Pour le 3 mai 2022, il s’agit agi de la situation de la presse avec le numérique. Au Tchad, nous sommes confrontés à une situation singulière. Nos lecteurs ont vidé les kiosques au profit des réseaux sociaux. Le défi pour nous, consiste à saisir les possibilités qu’offre l’ère numérique pour résister mais, cela n’est pas facile. Il va donc dans l’intérêt du pouvoir central d’aider la presse à relever ce défi ; si non, les réseaux sociaux, à cause de leur liberté de ton, vont contribuer à la formation d’une nouvelle conscience dominée par les discours de haine et la désinformation.
Si nous voulons faire du Tchad, un Etat de droit, la HAMA et le pouvoir central doivent faire des médias leurs collaborateurs pour l’instauration d’une presse plurielle, libre et vraiment indépendante. Cela est possible. A la seule condition de ne pas regarder l’homme, le journaliste qui travaille (discrimination, haine, mépris, népotisme), MAIS, il faut se pencher sur le travail qui se fait : quel média écrit ou dit quoi pour l’intérêt commun ?

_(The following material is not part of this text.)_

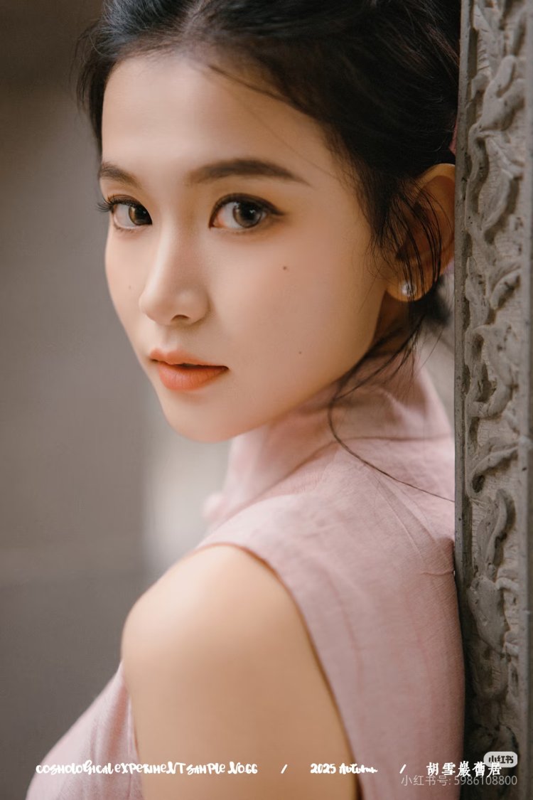 :一位年轻女性的面部。她的姿态自然,一手轻抚发丝, 一手轻拉裙摆,眼神略带迷离,随后女孩脱掉衣服露出性感的裸体,跪倒地上,头部朝下,臀部微微向上拱起,双手放在面前的地面上。将衣服折叠整齐的摆放在女生的身边随后女生比出v手势.整体氛围轻松自然。视频全程女生的脸部特征与第一帧保持一致The video shows the face of a young woman. Her posture is natural, one hand lightly touching her hair, the other gently pulling at her skirt, her eyes slightly unfocused. The girl then removes her clothes, revealing her sexy naked body, kneels on the ground, head down, hips slightly arched upwards, hands placed on the ground in front of her. Her clothes are neatly folded and placed beside her. The girl then makes a V-sign. The overall atmosphere is relaxed and natural. Throughout the video, the girl's facial features remain consistent with the first frame.

Il faut savoir saisir l’ère du numérique pour encourager chacun à faire et à bien faire son travail. Et ne pas oublier que « l’émergence des plates-formes en ligne soulève la question de la viabilité économique des médias indépendants et pluralistes, et bouscule les chaînes de valeur et les modèles économiques existants ».


Cette journée est une occasion pour féliciter et encourager les promoteurs des médias privés qui s’efforcent encore à être présent dans les kiosques malgré cet environnement de précarité et les obstacles liés à la diffusion des informations.
Bonne fête à tous.


Déli Sainzoumi Nestor, promoteur et Directeur des éditions du journal Eclairages.